On Fri, Sep 16, 2022 at 10:45 PM Suren Baghdasaryan <surenb@google.com> wrote:
>
> On Wed, Sep 14, 2022 at 11:20 PM Pavan Kondeti
> <quic_pkondeti@quicinc.com> wrote:
> >
> > On Tue, Sep 13, 2022 at 07:38:17PM +0530, Pavan Kondeti wrote:
> > > Hi
> > >
> > > The fact that psi_avgs_work()->collect_percpu_times()->get_recent_times()
> > > run from a kworker thread, PSI_NONIDLE condition would be observed as
> > > there is a RUNNING task. So we would always end up re-arming the work.
> > >
> > > If the work is re-armed from the psi_avgs_work() it self, the backing off
> > > logic in psi_task_change() (will be moved to psi_task_switch soon) can't
> > > help. The work is already scheduled. so we don't do anything there.
>
> Hi Pavan,
> Thanks for reporting the issue. IIRC [1] was meant to fix exactly this
> issue. At the time it was written I tested it and it seemed to work.
> Maybe I missed something or some other change introduced afterwards
> affected the shutoff logic. I'll take a closer look next week when I'm
> back at my computer and will consult with Johannes.
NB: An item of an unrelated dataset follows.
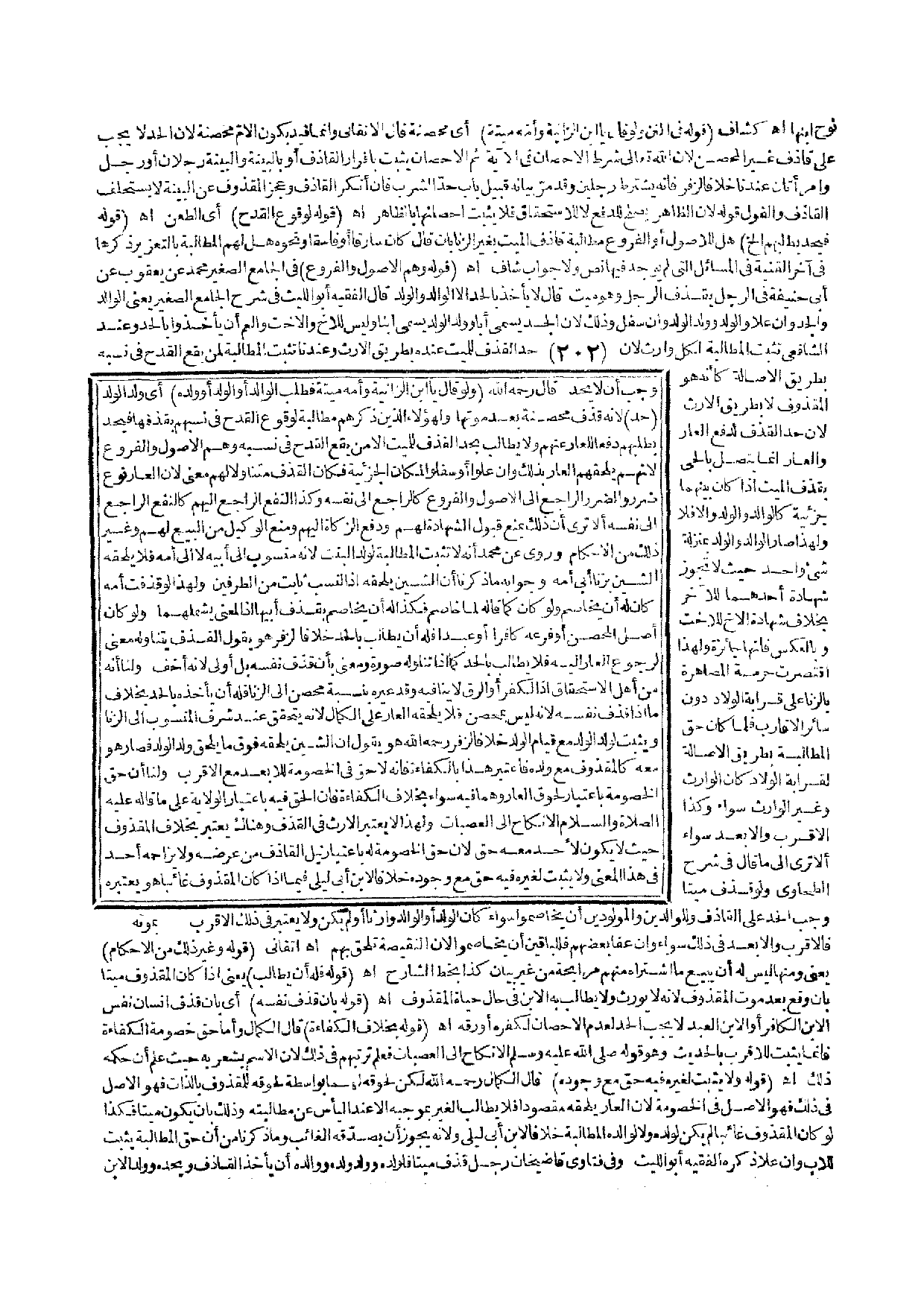 (قَوْلُهُ فِي الْمَتْنِ وَلَوْ قَالَ يَا ابْنَ الزَّانِيَةِ وَأُمُّهُ مَيِّتَةٌ) أَيْ مُحْصَنَةٌ قَالَ الْأَتْقَانِيُّ وَإِنَّمَا قُيِّدَ بِكَوْنِ الْأُمِّ مُحْصَنَةً لِأَنَّ الْحَدَّ لَا يَجِبُ عَلَى قَاذِفِ غَيْرِ الْمُحْصَنِ لِأَنَّ اللَّهَ تَعَالَى شَرَطَ الْإِحْصَانَ فِي الْآيَةِ ثُمَّ الْإِحْصَانُ يَثْبُتُ بِإِقْرَارِ الْقَاذِفِ أَوْ بِالْبَيِّنَةِ وَالْبَيِّنَةُ رَجُلَانِ أَوْ رَجُلٌ وَامْرَأَتَانِ عِنْدَنَا خِلَافًا لِزُفَرَ فَإِنَّهُ يَشْتَرِطُ رَجُلَيْنِ وَقَدْ مَرَّ بَيَانُهُ قُبَيْلَ بَابِ الْحَدِّ فَإِنْ أَنْكَرَ الْقَاذِفُ وَعَجَزَ الْمَقْذُوفُ عَنْ الْبَيِّنَةِ لَا يَسْتَحْلِفُ الْقَاذِفَ وَالْقَوْلُ قَوْلُهُ لِأَنَّ الظَّاهِرَ يَصْلُحُ لِلدَّفْعِ لَا لِلِاسْتِحْقَاقِ فَلَا يَثْبُتُ إحْصَانُهَا بِالظَّاهِرِ. اهـ. (قَوْلُهُ لِوُقُوعِ الْقَدْحِ) أَيْ الطَّعْنِ. اهـ. (قَوْلُهُ فَيُحَدُّ بِطَلَبِهِمْ إلَخْ) هَلْ لِلْأُصُولِ أَوْ الْفُرُوعِ مُطَالَبَةُ قَاذِفِ الْمَيِّتِ بِغَيْرِ الزِّنَا بِأَنْ قَالَ كَانَ سَارِقًا أَوْ فَاسِقًا أَوْ نَحْوَهُ هَلْ لَهُمْ الْمُطَالَبَةُ بِالتَّعْزِيرِ ذَكَرَهَا فِي آخِرِ الْقُنْيَةِ فِي الْمَسَائِلِ الَّتِي لَمْ يُوجَدْ فِيهَا نَصٌّ وَلَا جَوَابٌ شَافٍ. اهـ. (قَوْلُهُ وَهُمْ الْأُصُولُ وَالْفُرُوعُ) فِي الْجَامِعِ الصَّغِيرِ مُحَمَّدٌ عَنْ يَعْقُوبَ عَنْ أَبِي حَنِيفَةَ فِي الرَّجُلِ يَقْذِفُ الرَّجُلَ وَهُوَ مَيِّتٌ قَالَ لَا يَأْخُذُ بِالْحَدِّ إلَّا الْوَالِدُ وَالْوَلَدُ قَالَ الْفَقِيهُ أَبُو اللَّيْثِ فِي شَرْحِ الْجَامِعِ الصَّغِيرِ يَعْنِي الْوَالِدَ وَالْجَدَّ وَإِنْ عَلَا وَالْوَلَدَ وَوَلَدَ الْوَلَدِ وَإِنْ سَفَلَ وَذَلِكَ لِأَنَّ الْجَدَّ يُسَمَّى أَبًا وَوَلَدَ الْوَلَدِ يُسَمَّى ابْنًا وَلَيْسَ لِلْأَخِ وَالْأُخْتِ وَالْعَمِّ أَنْ يَأْخُذُوا بِالْحَدِّ وَعِنْدَ الشَّافِعِيِّ تَثْبُتُ الْمُطَالَبَةُ لِكُلِّ وَارِثٍ لِأَنَّ حَدَّ الْقَذْفِ لِلْمَيِّتِ عِنْدَهُ بِطَرِيقِ الْإِرْثِ وَعِنْدَنَا تَثْبُتُ الْمُطَالَبَةُ لِمَنْ يَقَعُ الْقَدْحُ فِي نَسَبِهِ بِطَرِيقِ الْأَصَالَةِ كَأَنَّهُ هُوَ الْمَقْذُوفُ لَا بِطَرِيقِ الْإِرْثِ لِأَنَّ حَدَّ الْقَذْفِ لِدَفْعِ الْعَارِ وَالْعَارُ إنَّمَا يَتَّصِلُ بِالْحَيِّ بِقَذْفِ الْمَيِّتِ إذَا كَانَ بَيْنَهُمَا جُزْئِيَّةٌ كَالْوَالِدِ وَالْوَلَدِ وَإِلَّا فَلَا وَلِهَذَا صَارَ الْوَالِدُ وَالْوَلَدُ بِمَنْزِلَةِ شَيْءٍ وَاحِدٍ حَيْثُ لَا يَجُوزُ شَهَادَةُ أَحَدِهِمَا لِلْآخَرِ بِخِلَافِ شَهَادَةِ الْأَخِ لِلْأُخْتِ وَبِالْعَكْسِ فَإِنَّهَا جَائِزَةٌ وَلِهَذَا اقْتَصَرَتْ حُرْمَةُ الْمُصَاهَرَةِ بِالزِّنَا عَلَى قَرَابَةِ الْوِلَادِ دُونَ سَائِرِ الْأَقَارِبِ فَلَمَّا كَانَ حَقُّ الْمُطَالَبَةِ بِطَرِيقِ الْأَصَالَةِ لِقَرَابَةِ الْوِلَادِ كَانَ الْوَارِثُ وَغَيْرُ الْوَارِثِ سَوَاءً وَكَذَا الْأَقْرَبُ وَالْأَبْعَدُ سَوَاءً أَلَا تَرَى إلَى مَا قَالَ فِي شَرْحِ الطَّحَاوِيِّ وَلَوْ قَذَفَ مَيِّتًا وَجَبَ الْحَدُّ عَلَى الْقَاذِفِ وَلِلْوَالِدَيْنِ وَالْمَوْلُودِينَ أَنْ يُخَاصِمُوا سَوَاءٌ كَانَ الْوَلَدُ أَوْ الْوَالِدُ وَارِثًا أَوْ لَمْ يَكُنْ وَلَا يُعْتَبَرُ فِي ذَلِكَ الْأَقْرَبُ فَالْأَقْرَبُ وَالْأَبْعَدُ فِي ذَلِكَ سَوَاءٌ وَإِنْ عَفَا بَعْضُهُمْ فَلِلْبَاقِينَ أَنْ يُخَاصِمُوا لِأَنَّ النَّقِيصَةَ تَلْحَقُ بِهِمْ. اهـ. أَتْقَانِيٌّ (قَوْلُهُ وَغَيْرَ ذَلِكَ مِنْ الْأَحْكَامِ) يَعْنِي وَمِنْهَا لَيْسَ لَهُ أَنْ يَبِيعَ مَا اشْتَرَاهُ مِنْهُمْ مُرَابَحَةً مِنْ غَيْرِ بَيَانٍ، كَذَا بِخَطِّ الشَّارِحِ اهـ (قَوْلُهُ فَلَهُ أَنْ يُط

Sorry for the delay. I had some time to look into this and test psi
shutoff on my device and I think you are right. The patch I mentioned
prevents new psi_avgs_work from being scheduled when the only non-idle
task is psi_avgs_work itself, however the regular 2sec averaging work
will still go on. I think we could record the fact that the only
active task is psi_avgs_work in record_times() using a new
psi_group_cpu.state_mask flag and then prevent psi_avgs_work() from
rescheduling itself if that flag is set for all non-idle cpus. I'll
test this approach and will post a patch for review if that works.
Thanks,
Suren.

> Thanks,
> Suren.
>
> [1] 1b69ac6b40eb "psi: fix aggregation idle shut-off"
>
> > >
> > > Probably I am missing some thing here. Can you please clarify how we
> > > shut off re-arming the psi avg work?
> > >
> >
> > I have collected traces on an idle system (running android12-5.10 with minimal
> > user space). This is a older kernel, however the issue remain on latest kernel
> > as per code inspection.
> >
> > I have eliminated noise created by other work items. For example, vmstat_work.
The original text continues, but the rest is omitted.